For those of you who haven't heard, we have chosen to homeschool Ben and Anna Kate. Our decision has been prayed over and, honestly, God had to change my heart about it. Scott came to me last summer and asked if I would consider it and pray about it. There were so many negatives in my mind. I was troubled about social interaction, whether or not I could do it and whether the kids would be sheltered too much. I prayed about it for a couple of weeks and did some research on internet (have you ever tried to research something that important on dial-up?). I finally came to the conclusion that God was changing my heart to what Scott had always felt was important for his family. He had always wanted me to homeschool but I was always negative about it so he didn't push it.
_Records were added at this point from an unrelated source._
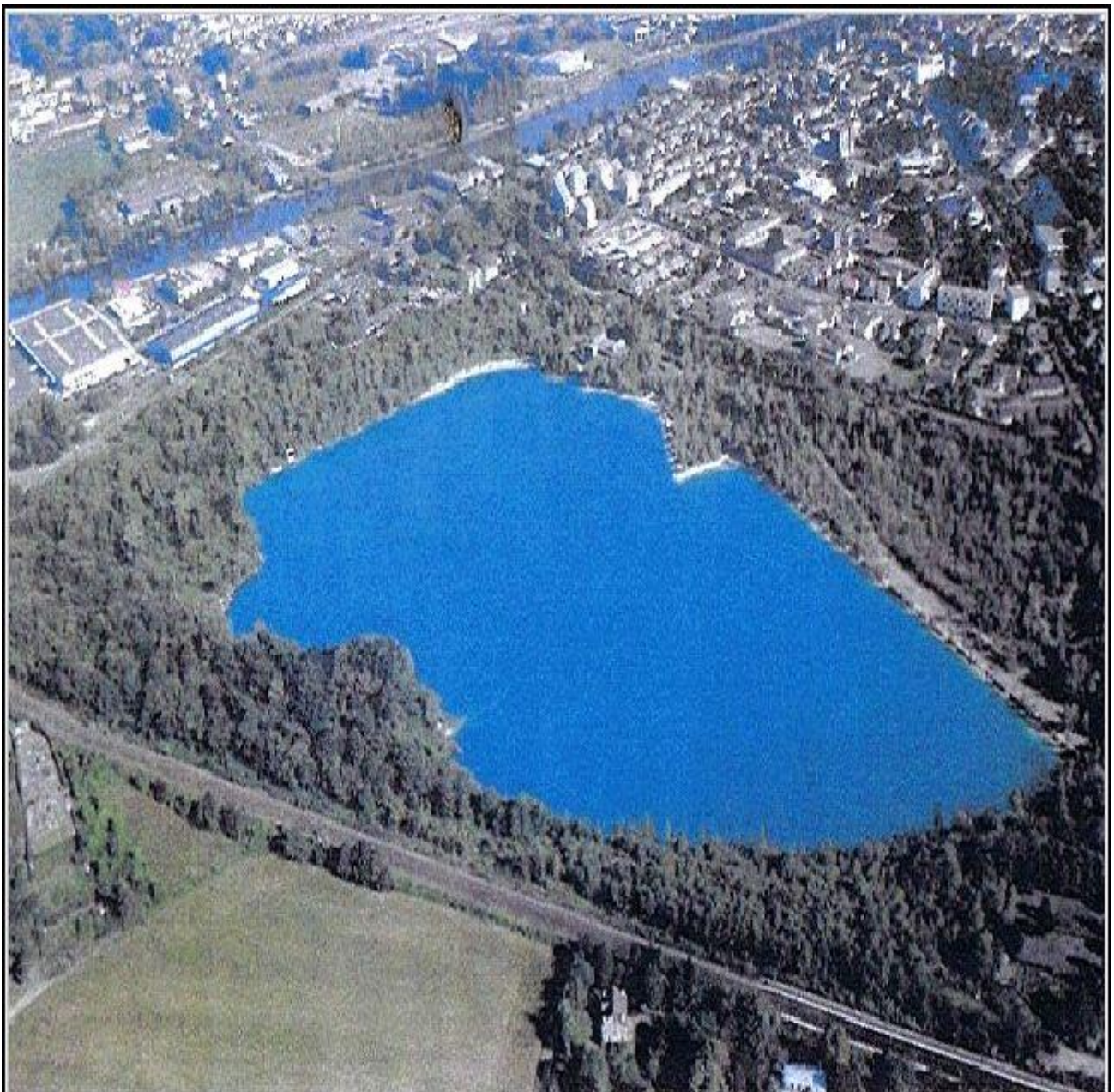
Lac de Beaumont-sur-Oise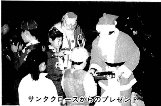
サンタクロースからのプレゼント

園では、さっそく昼食につきたてのもちを賞味し、一足早いお正月のプレゼントに大喜びでした。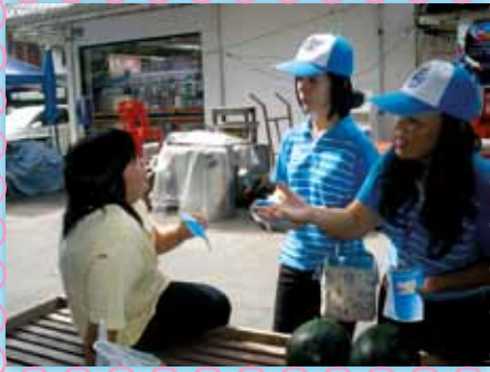
สาขาที่ 1 สาขาตาก (พิเศษ)

พบปะพูดคุย ให้ความรู้เรื่องการดูแลและบริหารในร้าน ร้านทั้ง ๙ ร้าน สร้างความผูกพัน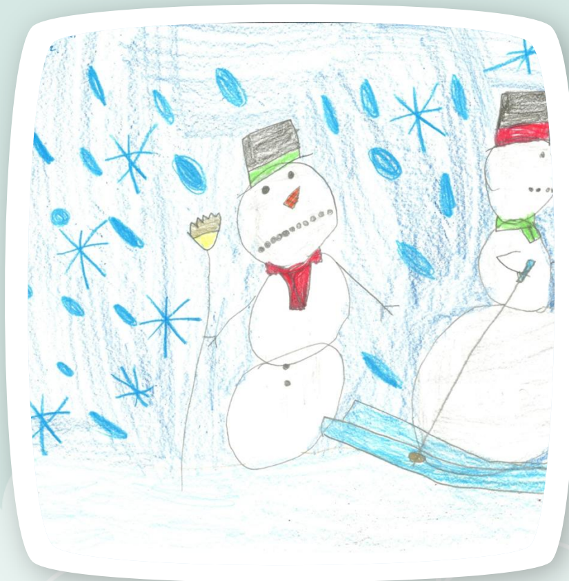
Końcowy efekt ;-)

That's just like him...
The final straw was when we went to a local private school in the Portsmouth area. In order to send them there, I was going to have to go back to work, figure out how to get another car, figure out how to get them there and back with no other family in the area and after we checked it out, I realized I could do what they were doing. So, I relinquished. Now that I'm into it, I must admit, I am a little excited about it. Now that we are in a bigger town, I already have him involved at a local homeschool group that allows me to take Karley and Colton along and he loves it. He doesn't see me all day so it's good for his "socialization skills" and what's absolutely wonderful is that the group uses the gym area at River Cities!!! How great is that?
There has been one drawback so far...the negative comments I get! In my heart, I know how prayed over this decision is and I have total peace about it so I've quit giving all the excuses. Was it my idea in the beginning? Absolutely not! But I know that Scott and I strive to make decisions based on what we feel is the way God is leading in our lives. I know that Ben and Anna Kate are going to get a biblical based education without the cost of sending them to a christian school. I will still get to stay at home and do the "career" I always wanted so I say "Praise the Lord!"
1 comment:
Aw...my little buddy looks so big sitting there. Where has the time gone? I'm feeling very melancholy lately--I guess because of Josh graduating. When do these sweet little boys become men? I'm so proud of him, but don't know where the time went. Enjoy the homeschooling--I know it will work out well for you all! Ben's got a great teacher. Love you and miss you!